Just above Rock's was the shop of Mr. Cobb, who sold about the same things as Dewey, so when we had run up a bill at Dewey's, and could not pay, we would run up another at Cobb's.
During our Senior year, there was a savage and brutal attack of Sophs on the Freshmen. After a prolonged tumult of hauling, throttling, striking with bare fists and pulling off of clothes, the class of '66 as a body left their recitation room and "went" for that gang of ruffians, scattered the ring leaders all over the grass of the campus and led away a few to their rooms and locked them in. This was a good example to the college, for it showed that the class of '66 was going to back up the faculty, so that law and order would prevail, if it took every man in the class to uphold it.
Norwich University stood across the river from Hanover and once in a while, we had dealings with the students, especially if some friends, like one of the Ladd boys from Portsmouth, was studying there. When "Owly" Ladd was there, I went over to see him, and his father and mother came to see me in Hanover. Unfortunately, the students at Norwich, with their gray uniforms and brass buttons, were too much for us where the girls were concerned, because in citizen clothes, we stood no show in the eyes of our charmers.
The Rev. Mr. Bourne, President of Norwich, officiated at St. Thomas in Hanover, and Kelley sang in the vested choir.
There was not much love lost between us and the "Norwegians" as we called them, but we liked "Teddy" and tried to make more boys attend his church. Once upon a time, when Pillsbury and I were "geologizing", for the gold which we had found but lost, we made a formal call
upon Mr.
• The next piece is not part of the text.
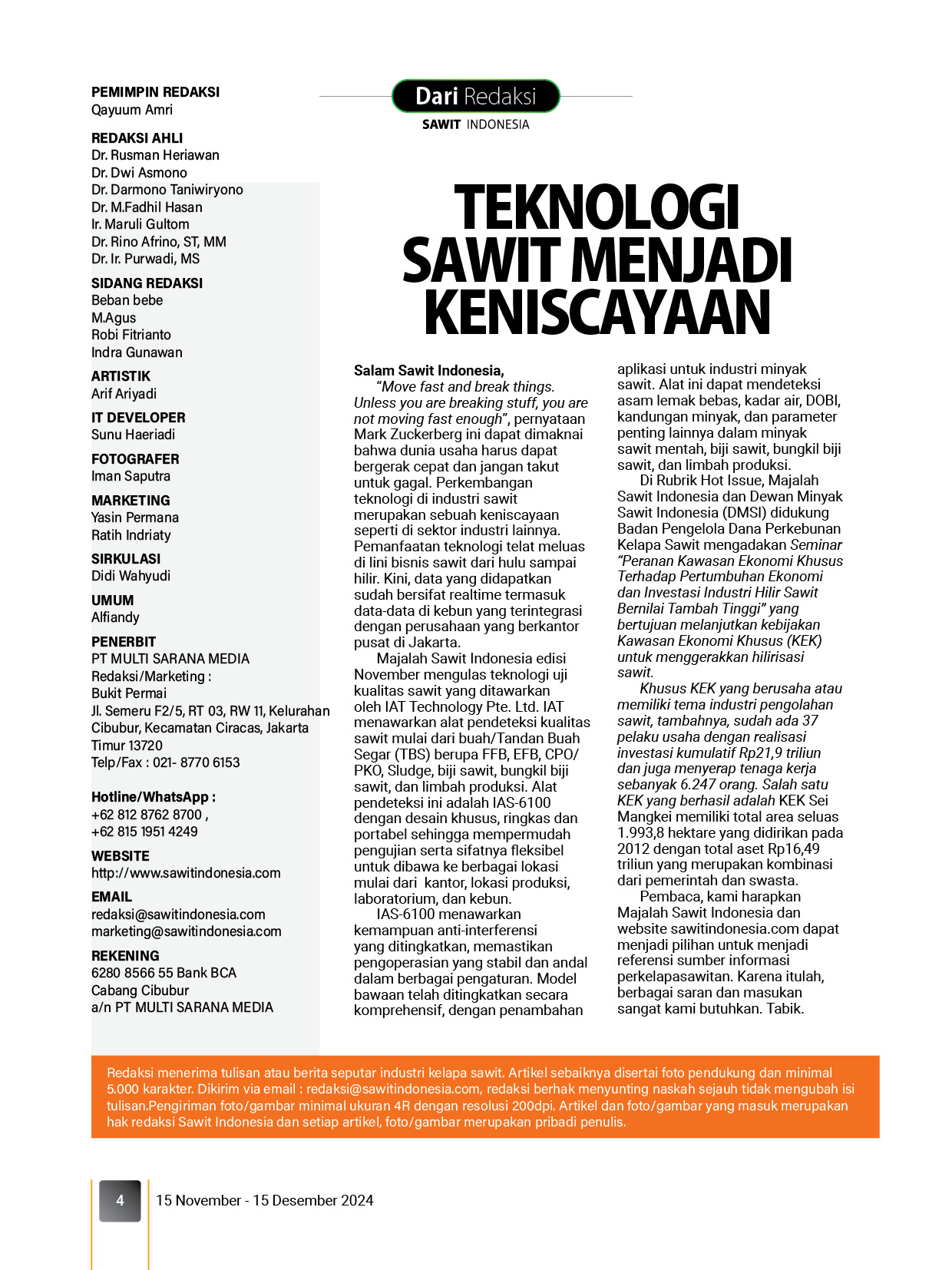 Pembaca, kami harapkan Majalah Sawit Indonesia dan website sawitindonesia.com dapat menjadi pilihan untuk menjadi referensi sumber informasi perkelapasawitan. Karena itulah, berbagai saran dan masukan sangat kami butuhkan. Tabik.

Bourne at Norwich, and after quite a talk, we came out laughing at his funny speeches and his genial way of meeting us, so different from any such call upon our President at Hanover.
There was a good deal of drinking at one time in connection with a terrible concoction called "S. T. 1860 X," which we translated to mean that the originators "Started Trade in iB6O with a X dollar bill." This dreadful stuff—bad whiskey and some kind of bitter tonic—some students managed to get hold of and, mixing with sugar and water and then boiling, they would use it for hazing lower classmen by compelling them to get drunk. I never saw this done but once, but it was something that made me hate the stuff forever afterwards. Why! we might even then have been poisoned or blinded for life by denatured alcohol.
I had the first mark in French for one term in "Polyeucte" and when I was resting I took up the knitting of afghans for fun. Mrs. Ben Crosby entertained us as Seniors and I often met her nice country cousins and visitors, who loved to be "petted" a bit.
The newspapers were much opposed to Dartmouth in our later years. One editorial said that you ought not to send your son to Hanover where the Lord reigneth. The professors also were tired of him and were looking for a better job elsewhere, but they were hard to find in those days, so we endured the state of affairs until President Smith came in. President Lord could deal with God and slavery but not with boys of our age. He did not understand growing-up boys, and boys who were growing up with the echoes of the Civil War in their ears and reading the history of cruel deeds. Under President Lord we felt a good deal like slaves ourselves, and he did treat us harshly whenever he had an opportunity.
When President Smith was inaugurated, the village houses and the college buildings were illuminated, and there was plenty of oratory. From that day on, Dartmouth advanced with rapid strides toward its present high position.